和顺序执行的性能基准测试不同,并行执行的性能基准测试会启动多个goroutine并行执行基准测试函数中的循环。这里也用一个例子来说明一下其执行流程:

// chapter8/sources/benchmark-impl/paralell_test.go
var (
    m     map[int64]int = make(map[int64]int, 20)
    mu    sync.Mutex
    round int64 = 1
)

func BenchmarkParalell(b *testing.B) {
    fmt.Printf("\ngoroutine[%d] enter BenchmarkParalell: round[%d], b.N[%d]\n",
           tls.ID(), atomic.LoadInt64(&round), b.N)
    defer func() {
        atomic.AddInt64(&round, 1)
    }()

    b.RunParallel(func(pb *testing.PB) {
        id := tls.ID()
        fmt.Printf("goroutine[%d] enter loop func in BenchmarkParalell: round[%d], b.N[%d]\n", tls.ID(), atomic.LoadInt64(&round), b.N)
        for pb.Next() {
            mu.Lock()
            _, ok := m[id]
            if !ok {
                m[id] = 1
            } else {
                m[id] = m[id] + 1
            }
            mu.Unlock()
        }

        mu.Lock()
        count := m[id]
        mu.Unlock()

        fmt.Printf("goroutine[%d] exit loop func in BenchmarkParalell: round[%d], loop[%d]\n", tls.ID(), atomic.LoadInt64(&round), count)
    })

    fmt.Printf("goroutine[%d] exit BenchmarkParalell: round[%d], b.N[%d]\n",
        tls.ID(), atomic.LoadInt64(&round), b.N)
}

以-cpu=2运行该例子:

$go test -v  -bench . paralell_test.go -cpu=2
goos: darwin
goarch: amd64
BenchmarkParalell

goroutine[1] enter BenchmarkParalell: round[1], b.N[1]
goroutine[2] enter loop func in BenchmarkParalell: round[1], b.N[1]
goroutine[2] exit loop func in BenchmarkParalell: round[1], loop[1]
goroutine[3] enter loop func in BenchmarkParalell: round[1], b.N[1]
goroutine[3] exit loop func in BenchmarkParalell: round[1], loop[0]
goroutine[1] exit BenchmarkParalell: round[1], b.N[1]

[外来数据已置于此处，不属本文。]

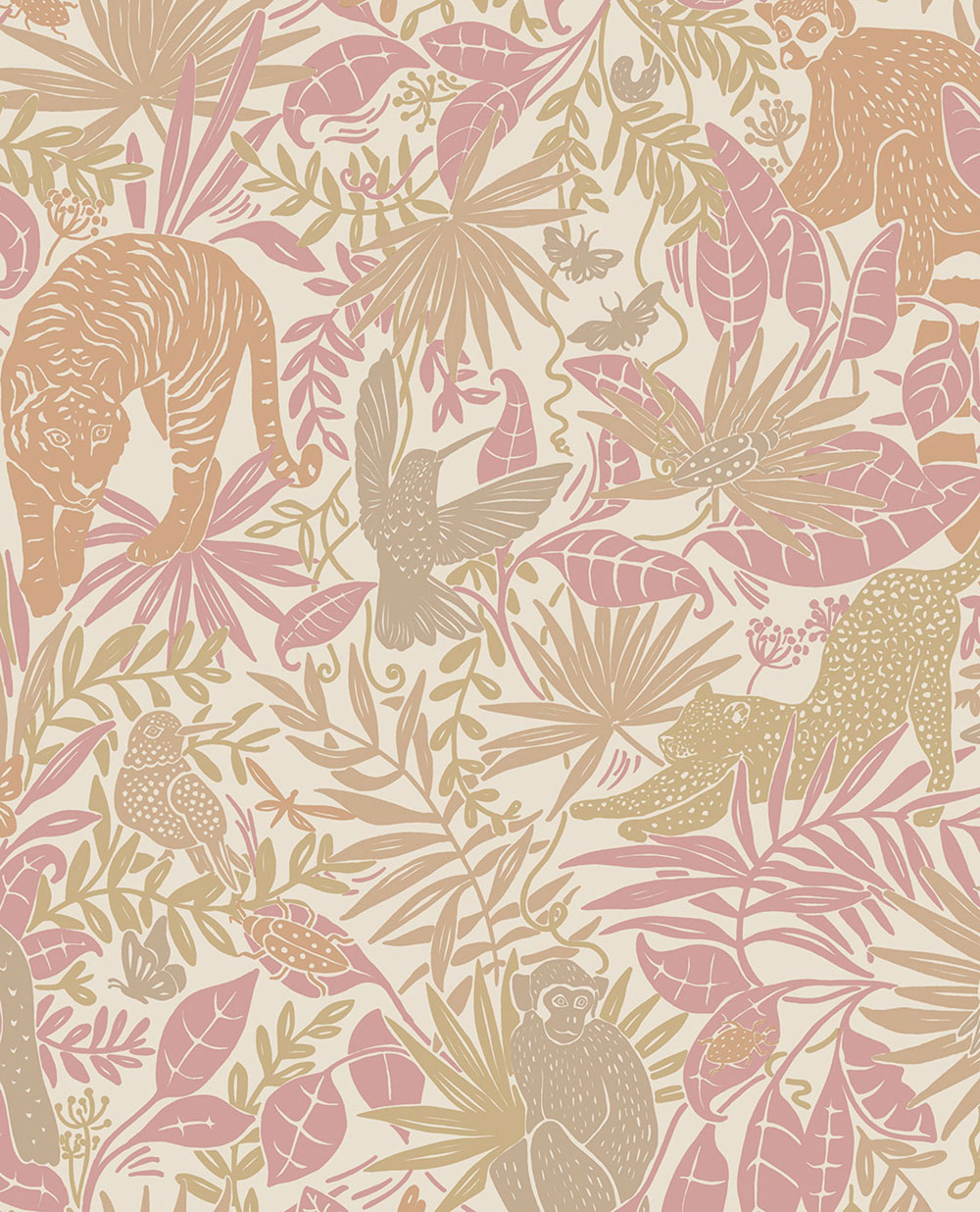 Růžová dětská vliesová tapeta na zeď džungle, 323022, Explore, Eijffinger

goroutine[4] enter BenchmarkParalell: round[2], b.N[100]
goroutine[5] enter loop func in BenchmarkParalell: round[2], b.N[100]
goroutine[5] exit loop func in BenchmarkParalell: round[2], loop[100]
goroutine[6] enter loop func in BenchmarkParalell: round[2], b.N[100]
goroutine[6] exit loop func in BenchmarkParalell: round[2], loop[0]
goroutine[4] exit BenchmarkParalell: round[2], b.N[100]

goroutine[4] enter BenchmarkParalell: round[3], b.N[10000]
goroutine[7] enter loop func in BenchmarkParalell: round[3], b.N[10000]
goroutine[8] enter loop func in BenchmarkParalell: round[3], b.N[10000]
goroutine[8] exit loop func in BenchmarkParalell: round[3], loop[4576]
goroutine[7] exit loop func in BenchmarkParalell: round[3], loop[5424]
goroutine[4] exit BenchmarkParalell: round[3], b.N[10000]

goroutine[4] enter BenchmarkParalell: round[4], b.N[1000000]
goroutine[9] enter loop func in BenchmarkParalell: round[4], b.N[1000000]
goroutine[10] enter loop func in BenchmarkParalell: round[4], b.N[1000000]
goroutine[9] exit loop func in BenchmarkParalell: round[4], loop[478750]
goroutine[10] exit loop func in BenchmarkParalell: round[4], loop[521250]
goroutine[4] exit BenchmarkParalell: round[4], b.N[1000000]

goroutine[4] enter BenchmarkParalell: round[5], b.N[25717561]
goroutine[11] enter loop func in BenchmarkParalell: round[5], b.N[25717561]
goroutine[12] enter loop func in BenchmarkParalell: round[5], b.N[25717561]
goroutine[12] exit loop func in BenchmarkParalell: round[5], loop[11651491]
goroutine[11] exit loop func in BenchmarkParalell: round[5], loop[14066070]
goroutine[4] exit BenchmarkParalell: round[5], b.N[25717561]
BenchmarkParalell-2       25717561               43.6 ns/op
PASS
ok         command-line-arguments 1.176s

我们看到,针对BenchmarkParalell基准测试的每一轮执行,go test都会启动GOMAXPROCS数量的新goroutine,这些goroutine共同执行b.N次循环,每个goroutine会尽量相对均衡地分担循环次数。